#### [Records to process]
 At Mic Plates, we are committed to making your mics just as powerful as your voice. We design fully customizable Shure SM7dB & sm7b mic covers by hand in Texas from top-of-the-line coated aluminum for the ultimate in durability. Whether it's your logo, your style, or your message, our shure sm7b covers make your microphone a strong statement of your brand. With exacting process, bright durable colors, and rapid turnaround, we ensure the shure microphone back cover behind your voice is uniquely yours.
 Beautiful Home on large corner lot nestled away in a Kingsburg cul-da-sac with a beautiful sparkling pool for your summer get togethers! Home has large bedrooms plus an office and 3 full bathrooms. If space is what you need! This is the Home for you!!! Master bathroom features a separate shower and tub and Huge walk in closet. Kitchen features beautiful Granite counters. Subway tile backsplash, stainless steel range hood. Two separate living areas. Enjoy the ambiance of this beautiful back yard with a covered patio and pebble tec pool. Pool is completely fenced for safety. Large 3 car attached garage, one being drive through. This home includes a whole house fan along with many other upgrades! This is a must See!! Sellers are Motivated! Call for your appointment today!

--

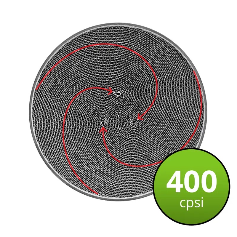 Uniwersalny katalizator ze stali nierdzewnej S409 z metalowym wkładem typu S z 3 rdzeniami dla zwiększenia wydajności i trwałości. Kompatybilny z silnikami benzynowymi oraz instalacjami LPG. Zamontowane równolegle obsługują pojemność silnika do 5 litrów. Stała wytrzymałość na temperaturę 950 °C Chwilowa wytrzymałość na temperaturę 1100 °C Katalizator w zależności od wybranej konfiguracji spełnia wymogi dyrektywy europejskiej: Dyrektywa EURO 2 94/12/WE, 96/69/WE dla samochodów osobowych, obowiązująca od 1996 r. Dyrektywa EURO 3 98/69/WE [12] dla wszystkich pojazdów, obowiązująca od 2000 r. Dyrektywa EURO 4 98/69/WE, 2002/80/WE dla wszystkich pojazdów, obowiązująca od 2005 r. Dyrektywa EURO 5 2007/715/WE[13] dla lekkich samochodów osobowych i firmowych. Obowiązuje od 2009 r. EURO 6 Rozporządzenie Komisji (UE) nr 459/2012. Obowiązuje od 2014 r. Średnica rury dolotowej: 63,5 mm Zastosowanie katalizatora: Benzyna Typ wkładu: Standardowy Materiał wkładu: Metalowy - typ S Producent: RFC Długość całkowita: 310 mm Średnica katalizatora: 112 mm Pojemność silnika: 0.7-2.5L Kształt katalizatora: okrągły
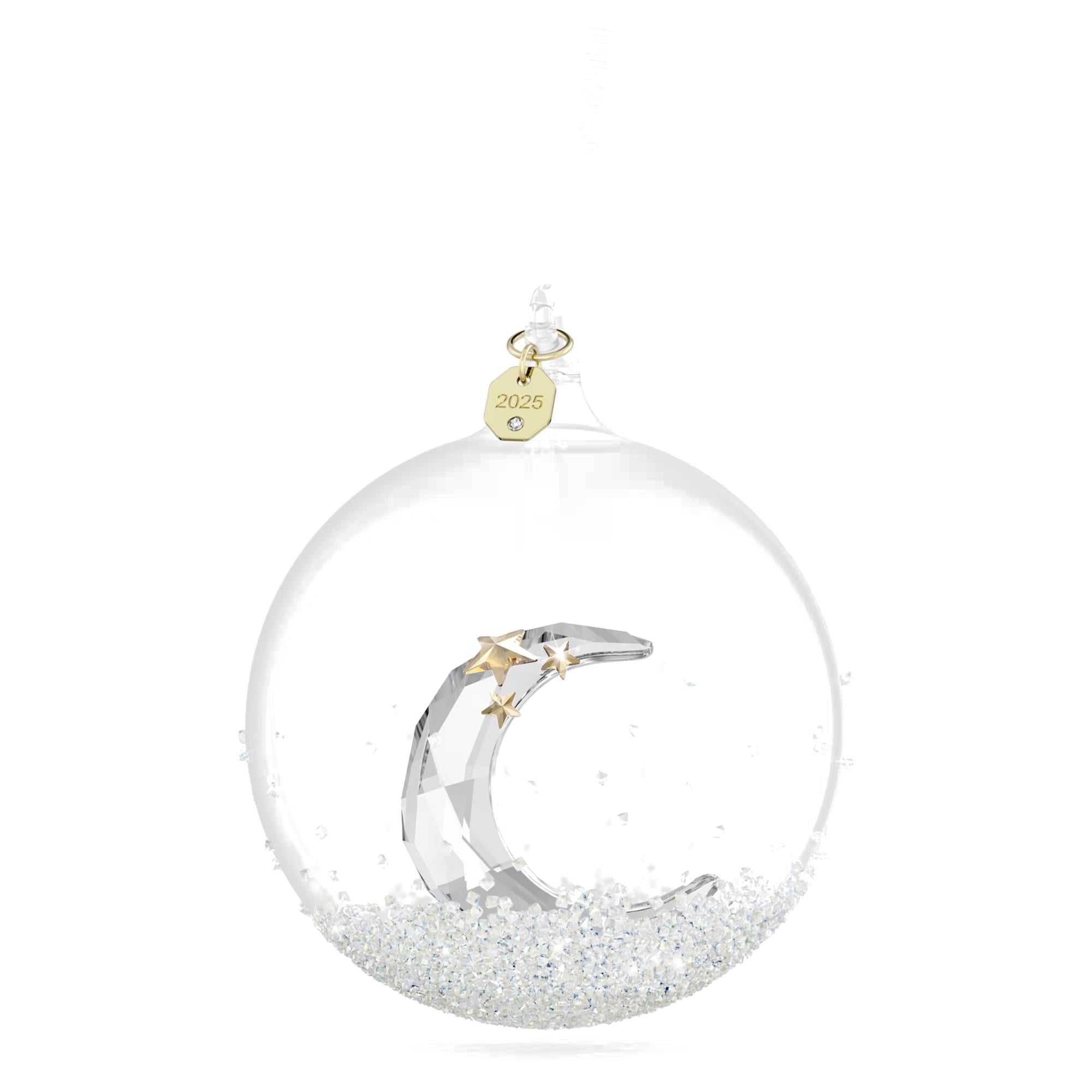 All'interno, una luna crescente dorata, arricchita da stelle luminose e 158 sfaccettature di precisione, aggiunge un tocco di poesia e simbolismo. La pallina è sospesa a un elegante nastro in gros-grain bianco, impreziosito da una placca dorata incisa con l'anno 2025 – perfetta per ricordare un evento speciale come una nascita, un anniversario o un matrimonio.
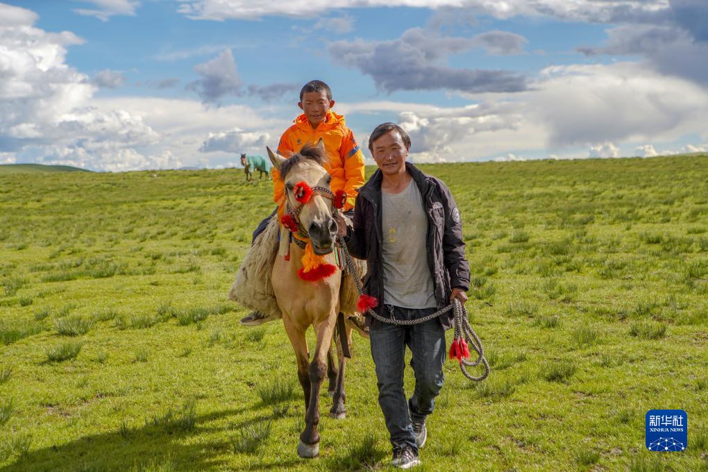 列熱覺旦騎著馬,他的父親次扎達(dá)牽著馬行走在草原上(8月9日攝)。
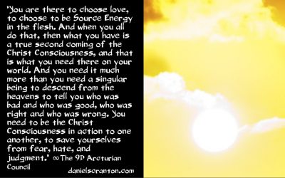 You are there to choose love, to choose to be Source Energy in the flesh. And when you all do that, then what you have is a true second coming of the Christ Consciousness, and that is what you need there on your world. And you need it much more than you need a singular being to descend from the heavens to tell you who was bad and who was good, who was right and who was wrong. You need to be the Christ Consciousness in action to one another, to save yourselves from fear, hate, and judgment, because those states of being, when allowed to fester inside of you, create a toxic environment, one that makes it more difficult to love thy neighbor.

#### [What you have to do]
With the pictures removed from your copy, retype the lines above from the one that contains "列熱覺旦騎著馬,他的父親次扎達(dá)牽著馬行走在草原上(8月9日攝)。" through the one that contains "You are there", exactly.

#### [Reply to the exercise]
 列熱覺旦騎著馬,他的父親次扎達(dá)牽著馬行走在草原上(8月9日攝)。
 You are there to choose love, to choose to be Source Energy in the flesh. And when you all do that, then what you have is a true second coming of the Christ Consciousness, and that is what you need there on your world. And you need it much more than you need a singular being to descend from the heavens to tell you who was bad and who was good, who was right and who was wrong. You need to be the Christ Consciousness in action to one another, to save yourselves from fear, hate, and judgment, because those states of being, when allowed to fester inside of you, create a toxic environment, one that makes it more difficult to love thy neighbor.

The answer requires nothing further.